Appealing, but impractical

Policy circles are yet again abuzz with the possibility of implementing a universal basic income (UBI) in India. According to definition, under a UBI scheme, the state is supposed to take away all existing subsidies and replace them with a single cash payout to all citizens, regardless of what they do and how much they earn. Proponents of the UBI assert the government could, in one stroke, get rid of a whole host of problems that plague the modern welfare state. For instance, there will no longer be any need to painstakingly figure out who is eligible for a subsidy and who is not, since the UBI is “universal”, not targeted. As such, there won’t be leakages due to petty corruption and there won’t be errors of exclusion (where the undeserving are given subsidy) or inclusion (where the deserving lose out on subsidy).

The UBI idea is not new but three broad elements have raised its appeal: The continuing inefficiency of the modern welfare state where service delivery is pathetic; the recent failure of the global economy to create enough well-paying jobs, leading to demands for active state intervention; and the advancement in information technology, which allows the state to conceive of reaching each and every citizen directly. No wonder then that the UBI is one of those rare ideas that have enticed policy wonks across the spectrum. The left-of-centre thinkers like the UBI’s promise of reaching the poor in an efficient manner and the right-of-centre ideologies see it as a way to curb the ever-expanding state machinery and allow for greater play of the market forces and prices.

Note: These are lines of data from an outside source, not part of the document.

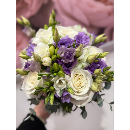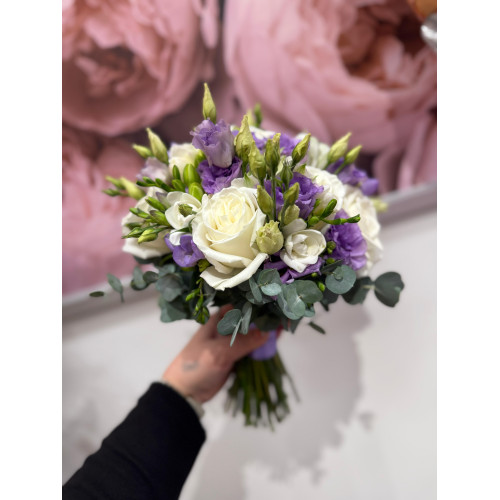Букет невесты из белых роз, лилового лизантуса, фрезий и эвкалипта.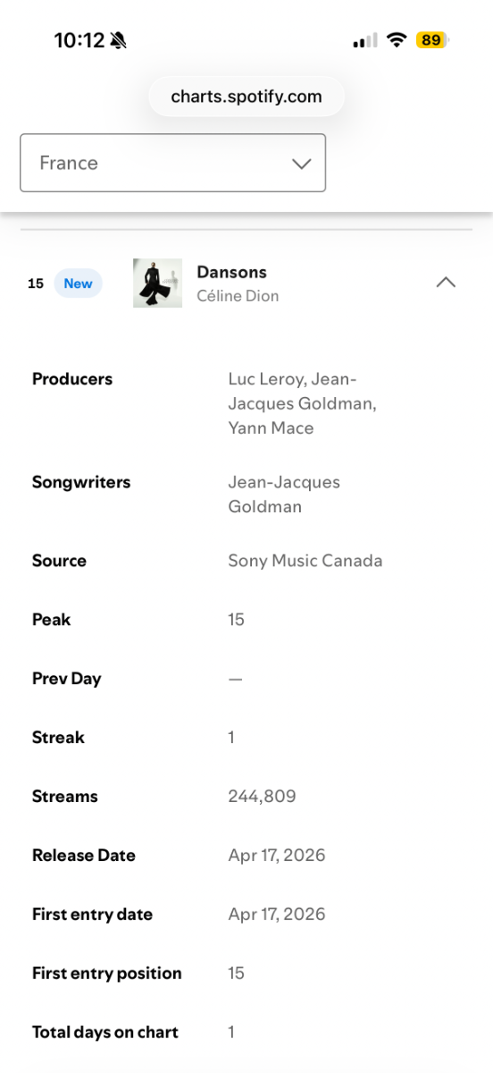 Nmj Posted April 18, 2026 at 04:20 PM Posted April 18, 2026 at 04:20 PM On 4/18/2026 at 12:10 PM, LukeD said: 650k Spotify debut is MASSIVE! So much higher than I was expecting. 244k in France alone is also really big! I actually expected the song's global streams to be around that number. The second streaming day is a Saturday which means the numbers should naturally decline. But let's see how the song does throughout the week. Oh my. Incredible news. She's smashing it. Great publicity for her francophone music. Imagine if this was an English song… it might’ve broke 1m streams. People missed CÈLINE! 👏🏽 Quote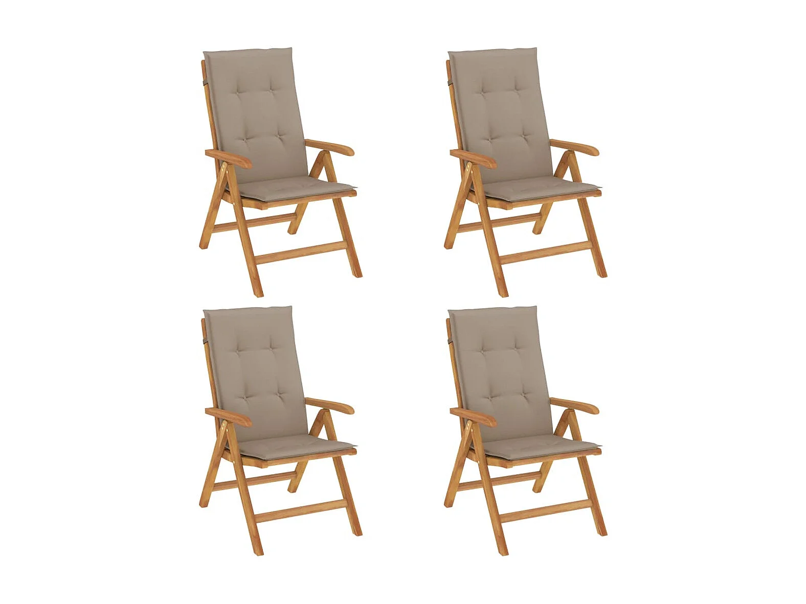 Sillas de jardín reclinables y cojines 4 unidades madera maciza teca
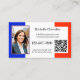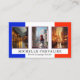 Business card featuring your custom photos with the French flag as background on the front. On the back is space for another photo and also a QR code template. Beautiful for a teacher of the French language or customisable for for instance a travel agency offering trips to France.
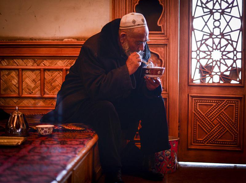 An old man enjoys tea over Naan, a kind of local crusty bread. A piece of Naan, which costs only two yuan, and a pot of tea make a common lunch in Kashgar.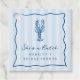 Nos étiquettes de faveur de douche de mariage au homard ensoleillé sont parfaites pour votre célébration en bord de mer ! Le design fantaisiste côtier présente des lettrages et des illustrations bleus méditerranéens ensoleillés sur un fond rayé cabane bleu pâle. Un gribouillage de homard dessiné à la main est assis au-dessus de deux lignes de texte personnalisé, le tout encadré par une bordure gribouillée en coquille ondulée. Affiché avec "elle est un bon parti" et le nom de la future mariée.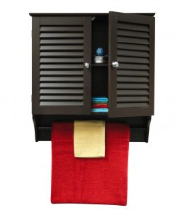 This Espresso Wall Mounted Bathroom Cabinet with Shelves and Towel Bar would be a great addition to your home. It has a convenient two door shutter design in a wall cabinet and is a of MDF wood composite.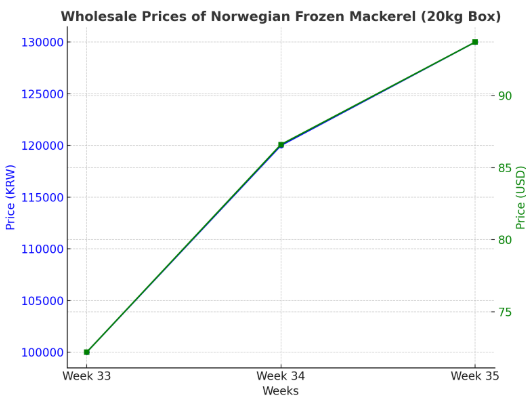 The price spike at the wholesale level is already being felt in Korea. Wholesale prices for a 20 kg box of Norwegian frozen mackerel jumped from KRW 100,000 ($72.2) in week 33 to KRW 120,000 ($86.6) in week 34, a 20% increase. By week 35, prices had climbed again to KRW 130,000 ($93.7), marking a further 8.3% rise. This volatility highlights the vulnerability of the Korean seafood market, which has a high dependence on imports.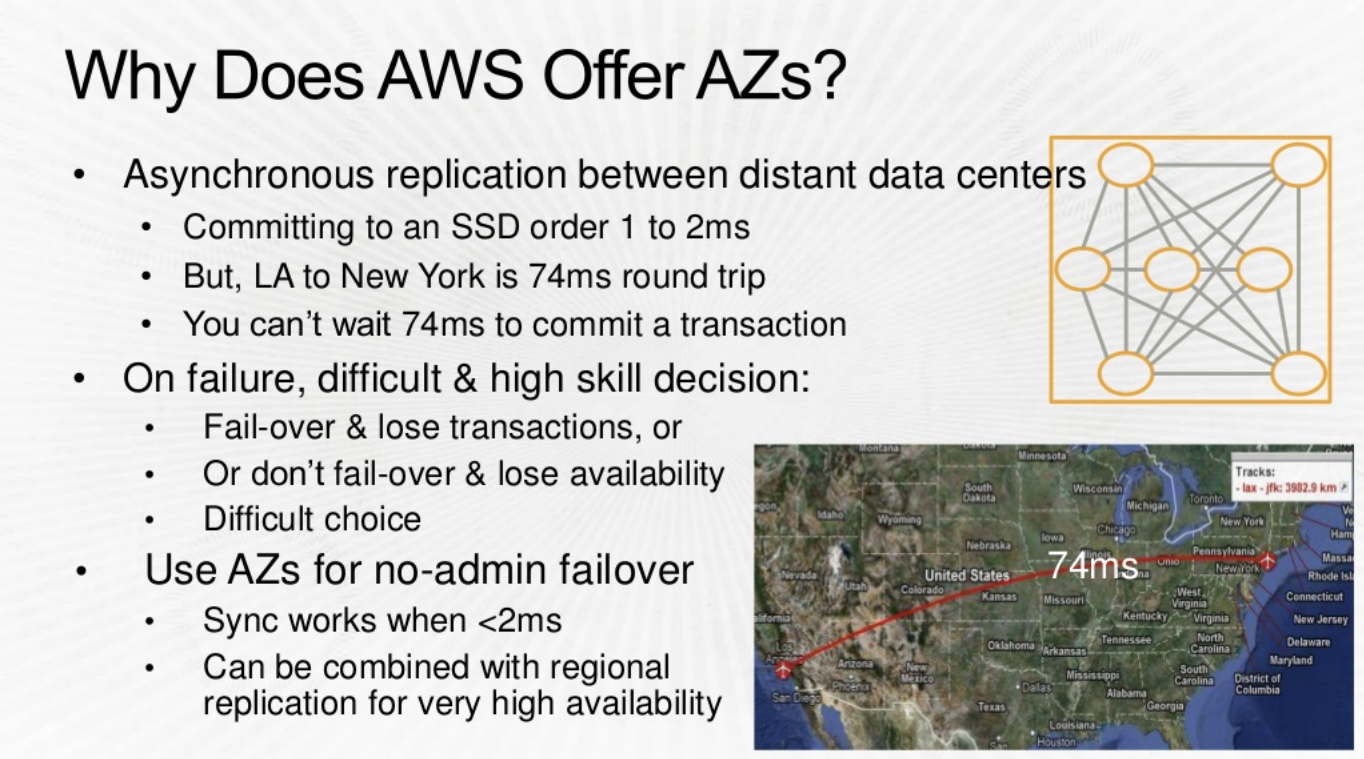 - If an AZ you can commit synchronously to your Data with a 1ms delay rather than 74ms delay (above) . This is empowering and great for the applications.

And yet, the UBI is an idea so impractical that, if implemented, it could lead to poor consequences. There are questions galore. For instance, what should be the level of the UBI? If it is, as some have suggested, Rs 300 per month, then it is too low to compensate for all the existing state interventions ranging from cheap food grains to subsidised schooling to maternal health safeguards to crop insurance to employment guarantees. If the UBI level is much higher, it will not be fiscally viable to fund it — interestingly, in 2016, Switzerland, with a GDP per capita of over $75,500 (as against India’s $1,800), overwhelmingly rejected the UBI because it would be too costly. Moreover, a high UBI invites moral questions such as why people will work if everything is free, and how their behaviour will alter if there is no work. In any case, removing all subsidies is an impractical idea in a democracy such as India. Finance Minister Arun Jaitley hit the nail on the head when he said the government could land in a situation where people stand up in Parliament and demand continuation of the present subsidies while pushing for the UBI. That’s something the Budget can ill afford. What is required, instead, is to use the UBI trigger to make the existing government machinery more efficient in delivering public goods as well as education and health care.